Thursday, July 15, 2004

Who Knew What?

What Did Bush Know?And what did he think his intelligence agencies knew about Iraqi WMD?

What did the president know about Iraqi WMD—or, more to the point, what did he think (or what was he led to think) his intelligence agencies knew?
This is why the Senate Intelligence Committee wants the summary released. It's the same reason the 9/11 commission wanted the White House to release the president's daily intelligence briefing of Aug. 6, 2001 (the one headlined, "Bin Laden Determined To Strike in U.S."). They want to know what the president knew. Did he have reason to see Osama Bin Laden's attack coming—and, if so, should he have done something about it? Did he know about internal disputes over the evidence of Iraqi weapons programs—and, if so, should he have thought twice about going to war?
If all George W. Bush knew about the Iraqi threat was gleaned from a one-page summary that stated the case for WMD—and that did not even acknowledge the existence of a case for skepticism—that's important to know. It's important for citizens who want some insight on why we went to war. And it's important for the president, who may decide to read a longer document the next time there's trouble.

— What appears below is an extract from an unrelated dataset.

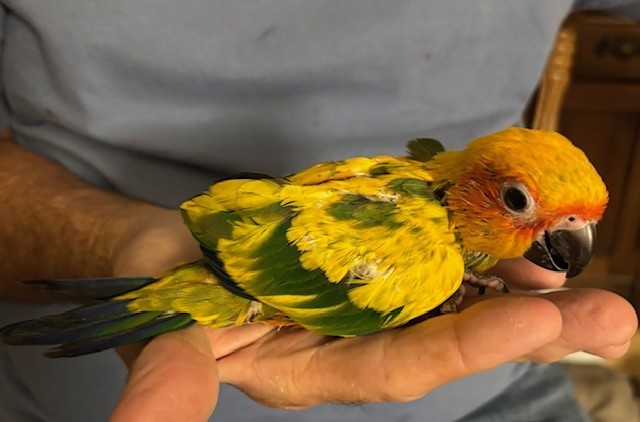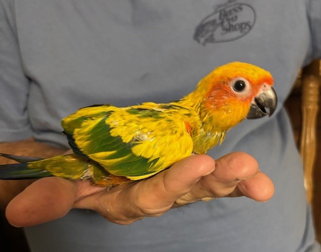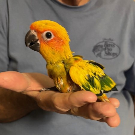 High Yellow Sun Conure - DNA Pending - being hand fed at this time - $550 weaned - will be weaned to eat a pellet diet - $50 deposit will hold this bird until it is weaned and eating well on its own and ready to be shipped. Shipping is with Delta for $165 and the shipping container is $35. Payment through Zelle or PayPal. 139

Emphasis added by me. *ahem*. Especially when that longer document is written at his request, expressly for him.

A National Intelligence Estimate is not an ordinary report. It marks the one occasion when the Central Intelligence Agency warrants its name, acting as a central entity that pulls together the assessments of all the myriad intelligence departments, noting where they agree and where they differ. Most NIEs are produced on an annual basis. Occasionally, the CIA is asked to produce what used to be called a "special" NIE. The 2002 estimate in question, titled "Iraq's Continuing Program for Weapons of Mass Destruction," was such a document. It was ordered so that the president could decide, in an informed manner, whether to go to war. The president is the main consumer of the NIE; it is written entirely for his benefit. To shrink the thing into a single page—to remove all distinctions between certainty and guesswork—is to evade the whole point.

*ahem* Emphasis, again, added by me.